Tag Archives: 10k

Chris Bryan2

Guest Article: Chris Bryan, Irish International 10k swimmer

Guest articles are one of the huge joys and honours for me in writing loneswimmer. I always feel lucky to feature one of them and privileged when people agree and I to get to read them in advance.

Chris Bryan is from Shannon, Co. Clare (west of Ireland, origin of the Irish Coffee!) and is Ireland’s first international  5k and 10k open water swimmer. His training base is the High Performance Centre [HPCUL], University of Limerick Arena  in Limerick, one of the two High Performance swimming centres in Ireland. He’s in his fourth year of college studying  Sport and Exercise Science and was born in 1990.
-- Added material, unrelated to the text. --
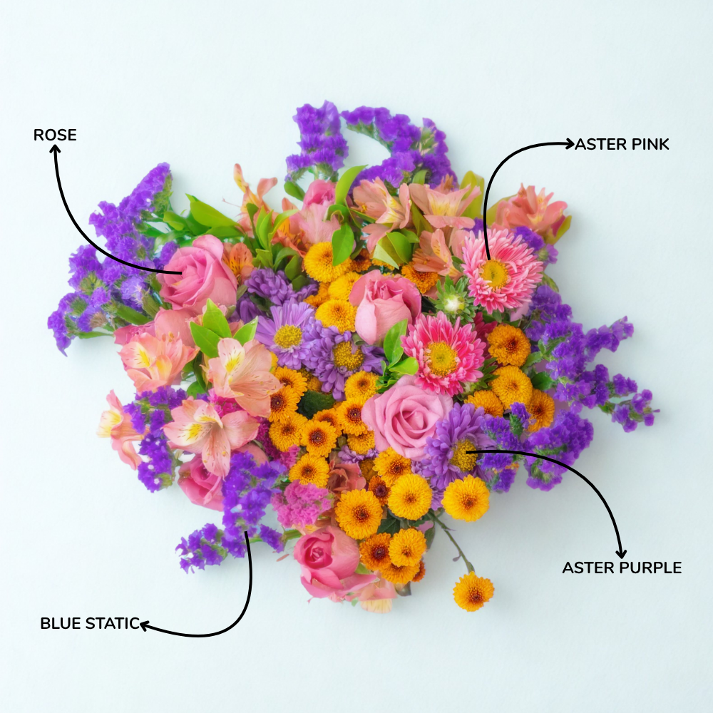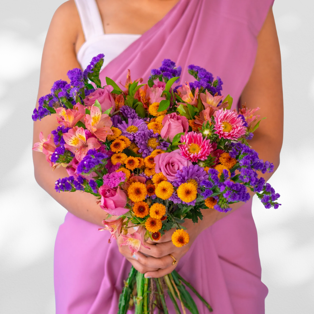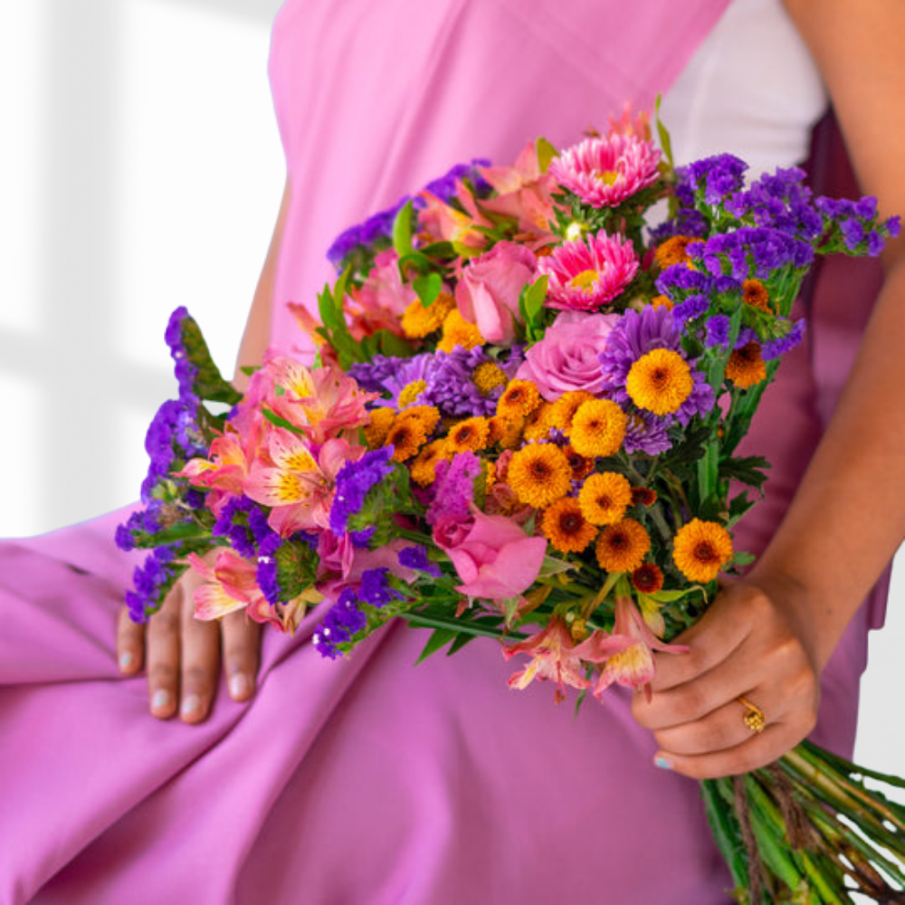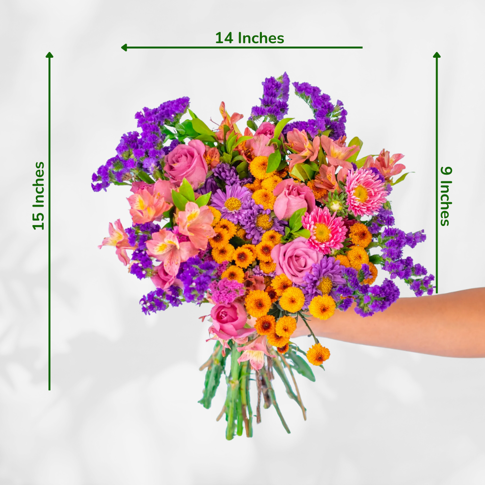 A colorful bouquet featuring shades of purple, pink with orange tones creating a bold and striking contrast. It is a perfect combination of passion and devotion and is a perfect gift for her.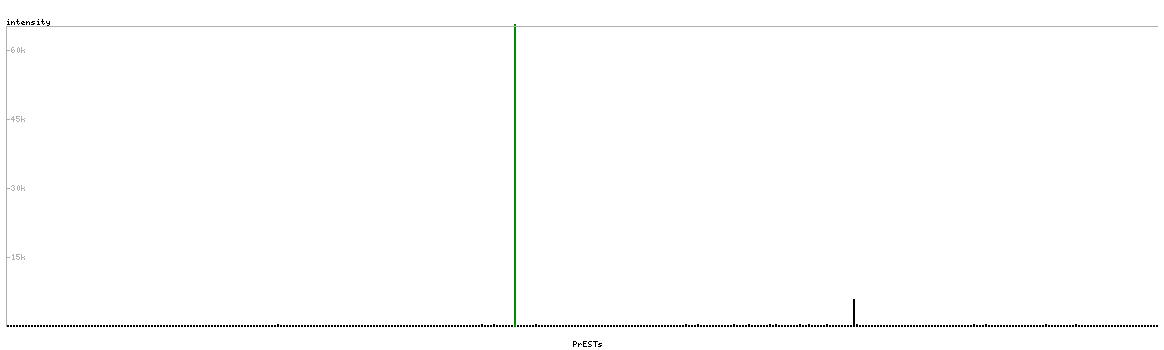 At the top of the view, the position of the antigen (identified by the corresponding HPA identifier) is shown as a green bar. A yellow triangle on the bar indicates a <100% sequence identity to the protein target.

Chris is on Twitter and Facebook.

Results to date:

FINA World Championships 2011, 5km, 8th place
LEN European Championships 2011, 10km, 11th place
First Irish man to qualify and compete for European Championships (2010) and World Championships (2011) open water.
LEN European cup 5km, Turkey(2011): 1st
LEN European cup 10km Israel (2012): 3rd

A minor one, but if I’m not mistaken, I think he also holds the lap record for Sandycove Island, has been unbeatable when he has raced it.

Draft remaining 2012 Schedule:
Olympic Marathon 10km swim Qualifier- Setubal Portugal June10th. That’s next Sunday folks!)
Great East Swim- Alton Lake, Britain 16th June
German Nationals- Großkrotzenburg, Germany 28th and 30th June
Olympics 10km, London, 10th August
Belgian Nationals- Hazewinkel,Belgium 26/27th August
European Championships- Piombino, Italy 12-16th September
I3 swim series- Kilaloe, Ireland 22/23rd September

I’m delighted to contribute towards LoneSwimmer.com [not as much as I am - Donal]; hopefully it will help me to reconnect with all the real open water swimmers at home. I’ve currently fallen out of the Irish national circuit as sadly most races I have had my eye on seem to clash with my international commitments.

Training Program:

I’m currently training in the High Performance Training Centre in the University of Limerick under Coach Ronald Claes. The centre is broken into development squads which hope to feed swimmers into the main ‘Elite Squad’ in which each athlete has the opportunity to compete at the highest level internationally.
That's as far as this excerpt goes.